### Problem requirements
Go through the entries below and print, exactly, the lines starting at the one with "Mekani i udobni" and ending at the one with "This women’s Star", keeping both ends and no others.

### Extracted material
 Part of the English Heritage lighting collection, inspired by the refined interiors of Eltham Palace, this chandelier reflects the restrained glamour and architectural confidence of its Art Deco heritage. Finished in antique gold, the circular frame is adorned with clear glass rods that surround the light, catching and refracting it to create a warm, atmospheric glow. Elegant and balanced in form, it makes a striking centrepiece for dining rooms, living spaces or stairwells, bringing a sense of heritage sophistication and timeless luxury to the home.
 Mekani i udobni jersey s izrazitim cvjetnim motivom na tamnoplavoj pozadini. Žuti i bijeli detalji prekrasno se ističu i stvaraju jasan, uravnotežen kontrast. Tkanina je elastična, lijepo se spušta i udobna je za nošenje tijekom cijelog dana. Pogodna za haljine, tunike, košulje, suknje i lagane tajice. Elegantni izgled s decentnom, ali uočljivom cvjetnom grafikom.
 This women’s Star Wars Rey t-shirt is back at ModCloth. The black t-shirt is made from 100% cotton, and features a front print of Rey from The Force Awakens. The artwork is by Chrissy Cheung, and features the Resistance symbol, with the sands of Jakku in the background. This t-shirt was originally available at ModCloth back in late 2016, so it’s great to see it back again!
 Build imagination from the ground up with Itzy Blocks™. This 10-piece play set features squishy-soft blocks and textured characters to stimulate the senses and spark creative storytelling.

==

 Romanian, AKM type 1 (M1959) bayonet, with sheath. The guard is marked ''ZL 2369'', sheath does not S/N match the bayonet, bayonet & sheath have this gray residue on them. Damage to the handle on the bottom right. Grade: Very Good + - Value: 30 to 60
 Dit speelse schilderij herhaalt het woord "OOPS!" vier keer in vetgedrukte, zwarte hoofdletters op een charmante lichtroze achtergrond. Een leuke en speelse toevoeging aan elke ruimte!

### Response to the task
 Mekani i udobni jersey s izrazitim cvjetnim motivom na tamnoplavoj pozadini. Žuti i bijeli detalji prekrasno se ističu i stvaraju jasan, uravnotežen kontrast. Tkanina je elastična, lijepo se spušta i udobna je za nošenje tijekom cijelog dana. Pogodna za haljine, tunike, košulje, suknje i lagane tajice. Elegantni izgled s decentnom, ali uočljivom cvjetnom grafikom.
 This women’s Star Wars Rey t-shirt is back at ModCloth. The black t-shirt is made from 100% cotton, and features a front print of Rey from The Force Awakens. The artwork is by Chrissy Cheung, and features the Resistance symbol, with the sands of Jakku in the background. This t-shirt was originally available at ModCloth back in late 2016, so it’s great to see it back again!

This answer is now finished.